Não havia nenhuma intenção amorosa na boa vontade do velho vigia, nada disso. Na verdade, ele a via, talvez, como a filha que nunca tivera. Os filhos homens, todos, ganharam o, ou se perderam no mundo. Helena preenchia a solidão que sentia, preenchia uma lacuna causada pelo abandono dos filhos. Tinha realmente idade para ser sua filha, e era muito bonita e simpática. Pele pálida e delicada, Cabelos negros, grandes e enigmáticos olhos. Ele nunca soube precisar se todo o carinho e afeto que por ela desenvolvera era mútuo. Talvez ela estivesse apenas sendo simpática e educada. Talvez visse nele realmente a figura de um pai. Ou ainda, quem sabe, só estivesse se aproveitando de sua companhia para ter alguma segurança e não ser outra vítima nas manchetes do jornal local.
Apesar de tal rotina já existir há algum tempo, pouco sabiam um do outro. Os duzentos metros que percorriam lado a lado não davam espaço à conversas mais profundas. Dela ele sabia ser secretária. O porquê de voltar sempre tão tarde nunca teve liberdade para questionar. Se tinha namorado ou marido, também não sabia. Pensava que não… e como perguntaria esse tipo de coisa? E que tipo de homem deixaria sua companheira aventurar-se perigosamente, todos as noites, sozinha por perigosas e escuras ruas?
Helena também pouco dele sabia. Somente ser um viúvo solitário que parecia ainda trabalhar para evitar cair no esquecimento absoluto… o velho procurava ainda ter alguma utilidade na vida, devia ser isso…
É claro que havia também mornas e prazerosas noites de verão, com a temperatura agradável e o dia insistindo em ficar por mais tempo. Sem a úmida e lúgubre neblina ao fundo, a silhueta de Helena surgia menos surreal. Já não se parecia com um sonho, ou uma gótica pintura que remetia a contos de terror. Mas parece que tais noites de verão não ficavam tão marcadas na memória de nossos personagens quanto aquelas em que Helena parecia, apesar de sempre negar, pedir alguma ajuda ao velho vigia. A melancólica neblina combinava perfeitamente com a pálida pele, assim como com seus cabelos negros e seu olhar, por vezes, tão intrigante e misterioso.
Passos fazem-se ouvir na noite fria e silenciosa. Como já era rotina, os cães latem. A silhueta do jovem casal recorta a pouca claridade proveniente de um dos pontos de luz que, vez ou outra, parece querer apagar-se. É inverno e os jovens caminham abraçados na ânsia de aplacar um pouco todo aquele frio. Um dos cães reconhece Helena e o alarido cessa.
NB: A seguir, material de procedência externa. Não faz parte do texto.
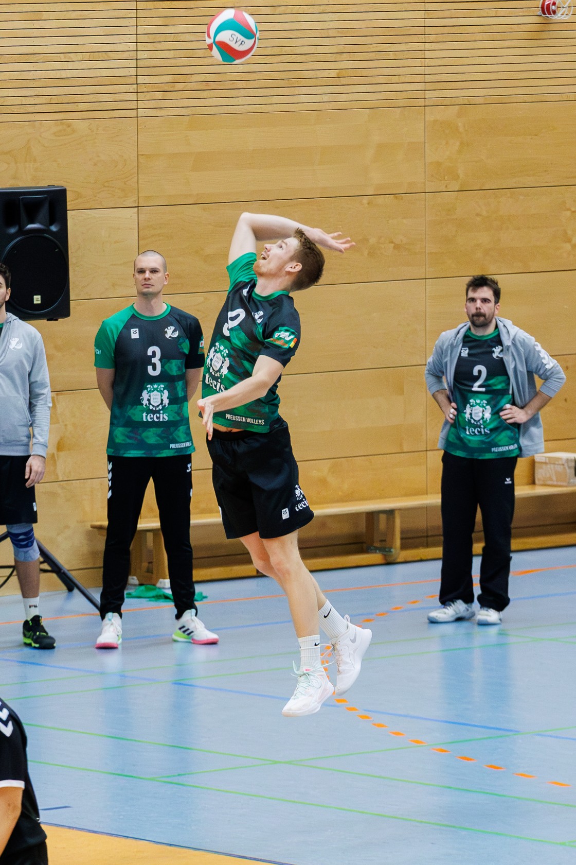 Auch der dritte Durchgang erinnerte stark an Satz zwei: Wenige Eigenfehler, viel Druck im Aufschlag und eine stabile Annahme sorgten dafür, dass wir den Satz über weite Strecken dominierten. Pinneberg fand zwar gegen Ende wieder etwas besser ins Spiel, doch der Vorsprung war zu groß. Mit 25:15 stellten wir auf 2:1 und nutzten die Gelegenheit, um im Hinblick auf einen langen Volleyballabend etwas durchzuwechseln.

— Vem sempre me buscar mesmo?
— Com certeza, mina minha não vai andar por aí no escuro desse jeito… é muito perigoso, e semana que vem tiro o carro da oficina, vai facilitar bastante nossa vida — Responde o jovem com olhar apaixonado.
O casal passa ao lado da velha guarita. Helena ignora momentaneamente o namorado recém conquistado e diminui o passo, hesitante. Lança um olhar triste e profundo em direção à velha e deserta guarita. Ele nada percebe, pois encontra-se distraído comentando que ela jamais deveria ter feito, sozinha, aquele trajeto, uma vez que era muito bem conhecida a história da jovem assassinada pelo vigia que, por tantos anos, trabalhou naquela empresa.